Este artigo intima, simplesmente, a existência de uma relação de causalidade económica entre as componentes negativas e positivas do rendimento: que os gastos incorridos pelo sujeito passivo tenham uma alocação económica com a atividade do contribuinte. Dito de outro ângulo: só não assumirão a natureza de gastos fiscais – os gastos inscritos na contabilidade, mas cujo interesse ou propósito não seja uma alocação empresarial da entidade que os contrai, mas apenas o de satisfazer um interesse de terceiro: seja uma sociedade do grupo, ou um sócio ou administrador…

Donde, são fiscalmente dedutíveis todos os gastos que tenham uma motivação empresarial – ainda que possam ser considerados excessivos, pouco razoáveis, muito arriscados (alocados a negócio de elevado risco), ou improdutivos (os proveitos ficaram aquém do desejável). Aliás, a AT não pode sindicar a bondade empresarial dessas opções económicas do sujeito (recusando a dedução desses gastos, pretensamente ancorada no art. 23.º do CIRC). O art. 23.º do CIRC permite tão só recusar a natureza de gasto fiscal aos não reconduzíveis a interesse societário, mas apenas aos interesses pessoais de sócios ou de terceiros (Gustavo Lopes Courinha, Manual do Imposto sobre o Rendimento das Pessoas Coletivas, 2019, p. 114 e 115).

No caso dos autos, a inspeção tributária detetou um conjunto de situações, com aparência externa de inexistência de interesse societário: elevada contratação de serviços externos de informática, habitualmente de concorrentes, quando a A... tem um quadro de pessoal técnico com mais de 60 quadros – e, sobretudo, quando, nesse ano (2018) e no anterior, o volume de negócio foi até inferior aos gastos totais com o pessoal, próprio e subcontratado – tendo a empresa nesses anos elevados prejuízos.

A fundamentação dos atos impugnados identifica, em concreto, as situações dos fornecedores G..., SA, H..., SA, I... Lda, K..., J..., L... gmbh e M... Ltd  e N..., Lda (factos provados 13 e 17).

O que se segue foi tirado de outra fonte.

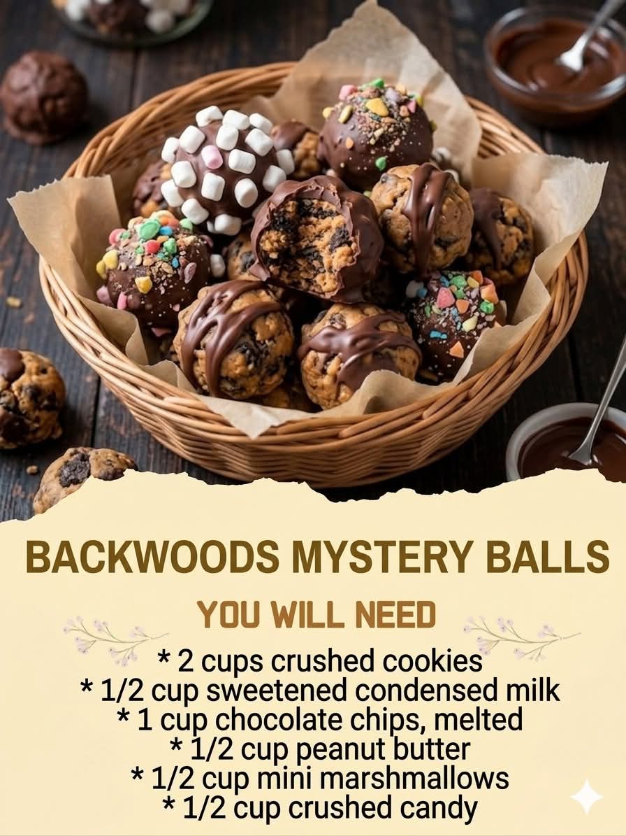 Backwoods Mystery Balls are a rustic, no-bake dessert that combines crushed cookies, creamy sweetness, and rich melted chocolate into bite-sized delights. The “mystery” comes from their versatility—you can customize them with different flavors, textures, and fillings every time. They’re quick to make, require minimal ingredients, and deliver maximum satisfaction.

A Requerente provou a efetiva alocação empresarial de todos estes gastos. Contextualizou-os na sua atividade concreta, com auxílio de prova documental e testemunhal. Em 2018 (e 2017) a A... investiu no desenvolvimento do produto “A... service suit”, sendo que o investimento (gastos) se concentrou nesses anos, mas os proveitos surgiram sobretudo nos anos seguintes, quando o serviço estava “em cruzeiro” e foi vendido aos clientes, com rentabilidade consolidada. E que, dada a escassez de informáticos no mercado, só lhe restou a opção de contratar os serviços de empresas concorrentes, subcontratações e trabalhos especializados, sob pena, se assim não fosse, de não conseguir realizar o projeto com qualidade e a tempo. O mesmo sucedeu com a aplicação “my...”: tendo negociado um contrato com preço fechado, o trabalho de construção dessa aplicação foi muito superior ao estimado, tendo necessidade de recorrer a terceiros, para o prestar a tempo e com qualidade. E tomou a opção de gestão de honrar os compromissos com o cliente, em lugar de quebrar o contrato.

Em suma: a) os gastos em causa têm total alocação empresarial b) poder-se-á considerar que a A... assumiu riscos excessivos (contrato sem possibilidade de revisão de preços) ou que honrou contratos que poderia incumprir (numa opção de gestão) ou que deveria ter cobrado mais nos contratos que celebrou, ou que deveria ter contratado mais funcionários em lugar de recorrer a serviços externos – mas tudo isso são opções de gestão, livres e legítimas por parte da empresa, que o art. 23.º do CIRC não pode sindicar: não se pode retirar a natureza de gastos fiscais e despesas contraídas pela empresa, no seu total interesse, mas tendo por base opções de gestão tidas por imprudentes ou censuráveis.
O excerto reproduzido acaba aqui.